■ **How to complete this task**
The following data needs to be repeated exactly, with all images excluded.

■ **Available data**

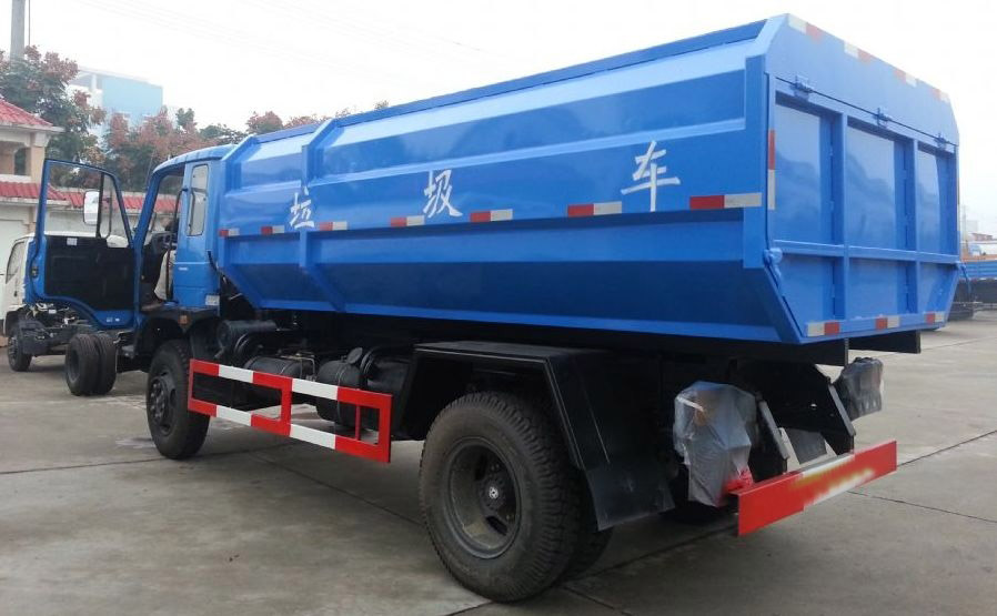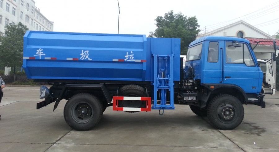 工作原理:自裝卸式垃圾車是由密封式垃圾廂、液壓系統、操作系統組成,能配幾十個垃圾桶,實現一車與多個垃圾桶聯合作業,廂體上的液壓升降裝置可將垃圾桶吊上、放下,上下升降,上下一次工作循環時間為50S,密封式廂體環保衛生,可避免二次污染。其自裝式的掛桶裝置可直接將路邊的垃圾桶掛在上面用提升機直接到在垃圾箱體里面省去了裝垃圾的麻煩。
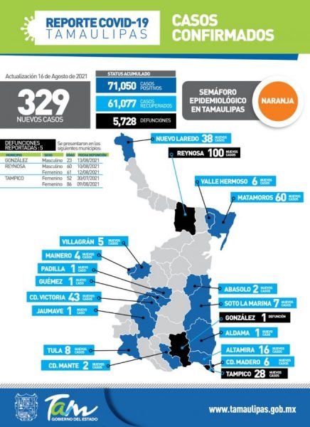 Luego de insistir en su llamado a la población a no bajar la guardia ante el #COVID19, respetar las disposiciones gubernamentales y acudir a vacunarse para disminuir el impacto de la pandemia, la secretaria de Salud de Tamaulipas, Gloria Molina Gamboa confirmó 329 nuevos casos y 5 defunciones asociadas a complicaciones graves por la enfermedad. Aseguró que el uso del cubrebocas en todos los espacios públicos, el lavado frecuente de manos, la sana distancia y quedarse en casa el mayor tiempo posible, representan la forma más efectiva de desacelerar la transmisión del virus y avanzar a la nueva normalidad.
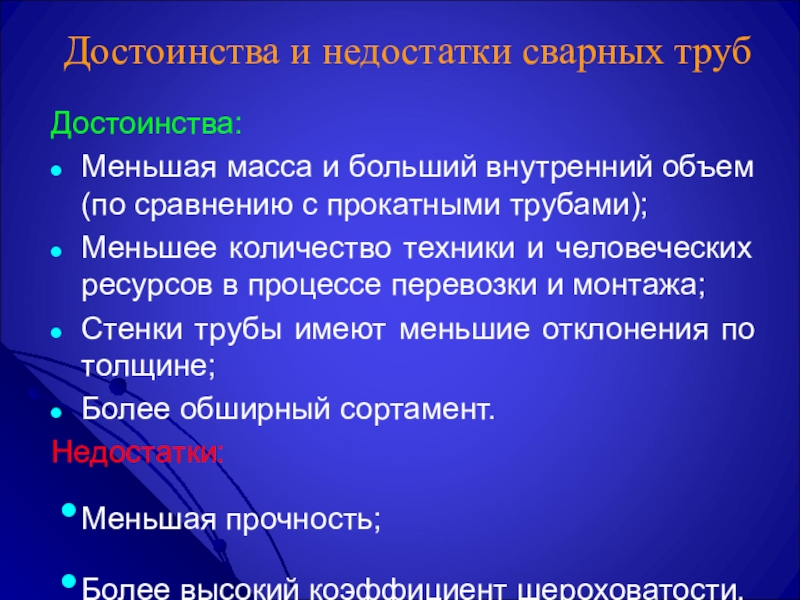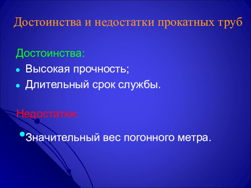 -: большой вес, большой расход металла, хрупкость, сложность в изготовлении труб малых диаметров;

■ **Response box**
 工作原理:自裝卸式垃圾車是由密封式垃圾廂、液壓系統、操作系統組成,能配幾十個垃圾桶,實現一車與多個垃圾桶聯合作業,廂體上的液壓升降裝置可將垃圾桶吊上、放下,上下升降,上下一次工作循環時間為50S,密封式廂體環保衛生,可避免二次污染。其自裝式的掛桶裝置可直接將路邊的垃圾桶掛在上面用提升機直接到在垃圾箱體里面省去了裝垃圾的麻煩。
 Luego de insistir en su llamado a la población a no bajar la guardia ante el #COVID19, respetar las disposiciones gubernamentales y acudir a vacunarse para disminuir el impacto de la pandemia, la secretaria de Salud de Tamaulipas, Gloria Molina Gamboa confirmó 329 nuevos casos y 5 defunciones asociadas a complicaciones graves por la enfermedad. Aseguró que el uso del cubrebocas en todos los espacios públicos, el lavado frecuente de manos, la sana distancia y quedarse en casa el mayor tiempo posible, representan la forma más efectiva de desacelerar la transmisión del virus y avanzar a la nueva normalidad.
 -: большой вес, большой расход металла, хрупкость, сложность в изготовлении труб малых диаметров;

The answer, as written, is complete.